EP1817375A1

EP1817375A1 - Subduedly colored, infrared reflecting plastic compound

Info

Publication number: EP1817375A1
Application number: EP05798159A
Authority: EP
Inventors: Klaus Schultes; Ernst Becker; Ursula Golchert; Elisabeth Clamer
Original assignee: Evonik Roehm GmbH; Roehm GmbH Darmstadt
Current assignee: Roehm GmbH Darmstadt
Priority date: 2004-12-01
Filing date: 2005-10-25
Publication date: 2007-08-15
Also published as: SG190641A1; CN101040000A; US20090176928A1; SG132839A1; KR100875050B1; RU2357985C2; US8378021B2; CA2584660A1; TWI374905B; RU2007124488A; SG157396A1; US20120282396A1; BRPI0516664A; DE102004058083A1; HK1109163A1; TW200628526A; KR20070110259A; CN100564442C; MX2007005726A; WO2006058584A1

Abstract

The invention relates to subduedly colored (brown, gray, black, green), infrared reflecting PMMA compounds which can be applied to other plastic compounds as an IR barrier layer.

Description

Covered colored, infrared-reflecting plastic molding compound

Field of the invention

The invention relates to covered colored, infrared-reflecting poly (meth) acrylate molding compositions which can be applied as an IR barrier layer to other plastic moldings.

State of the art

Due to the very good properties of PMMA, the corresponding molding compounds are also processed into coextrusion layers or as cover layers of back-injected parts. These layers serve as cover layer u. a. of films, plates, profiles and tubes whose main component or carrier layer consist of partially different plastics. These plastics, such as. As PVC, polystyrene, polycarbonate, ABS and ASA, have other important properties such as impact resistance and / or low price.

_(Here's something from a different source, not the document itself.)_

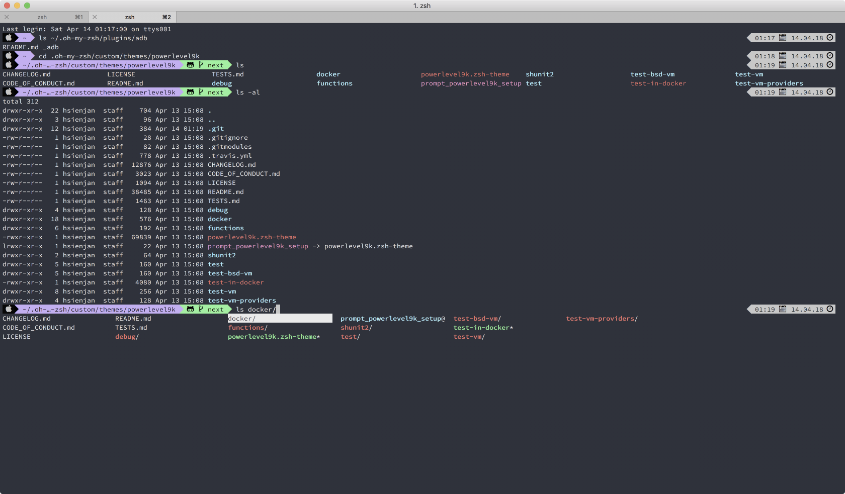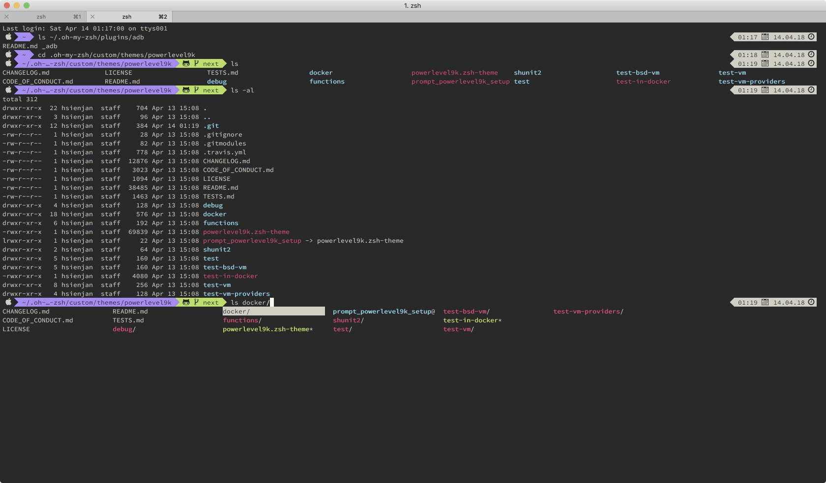 基本安裝到此已經算是完成了,可以關閉再重開 iTerm 就可以看到套用主題後的效果。不過 zsh 的一個強項就是擁有為數眾多的外掛(Plugins),可以為 zsh 添加各式各樣的附加功能。我自己是會再加裝二個外掛:zsh-completions 以及 zsh-autosuggestions,讓日常使用上更順手便利:

Examples of applications for these co-extrudates or injection-molded articles include construction applications such as downpipes and window frames; Automotive applications, such as roof modules, exterior and interior covers (screens), spoilers and mirror housings; Household and sports applications, such as tool covers, outdoor panels for boats and ski films.

It is known to use covered colored poly (meth) acrylate (PMMA) molding compositions for weather protection of plastic moldings of, for example, polyvinyl chloride (PVC). The coated plastic molded body is then provided with a colorant such as TΪO ₂ , which reflects the IR radiation at the boundary layer of the two plastic moldings and thus prevents the excessive heating of the article.

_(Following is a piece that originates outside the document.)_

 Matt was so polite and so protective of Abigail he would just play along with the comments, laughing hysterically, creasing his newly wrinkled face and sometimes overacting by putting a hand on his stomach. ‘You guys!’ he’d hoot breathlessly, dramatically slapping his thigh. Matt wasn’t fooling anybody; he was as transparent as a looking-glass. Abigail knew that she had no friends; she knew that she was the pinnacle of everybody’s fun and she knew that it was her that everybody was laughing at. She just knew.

DE 27 19 170 (Dynamit Nobel) describes a method for protecting PVC layers against sunlight by a permanently applied to the PVC layer layer, which is equipped with both UV stabilizers and IR reflectors. As IR reflectors, bleach chromate, molybdate red, molybdate orange, chromium oxide green, antimony sulfide, cadmium sulfoselenide, cadmium sulfide, anthraquinone black pigment, anthraquinone dark blue pigment, monoazo pigment or phthalocyanine are used. Some of these pigments are no longer allowed today. As the material for the cover layer, an unspecified PMMA is described. DE 26 05 325 (Dynamit Nobel) also describes a process for the protection of PVC surfaces, the applied protective layer is inked so opaque that in the IR region as high a reflection and in the UV range as low as possible permeability is achieved. The goal is achieved by using at least one IR-reflecting black or color pigment. For the darker color pigments, no predominantly IR-absorbing pigments are used. The pigment used in the examples is titanium dioxide or anthraquinone black in combination with a UV absorber.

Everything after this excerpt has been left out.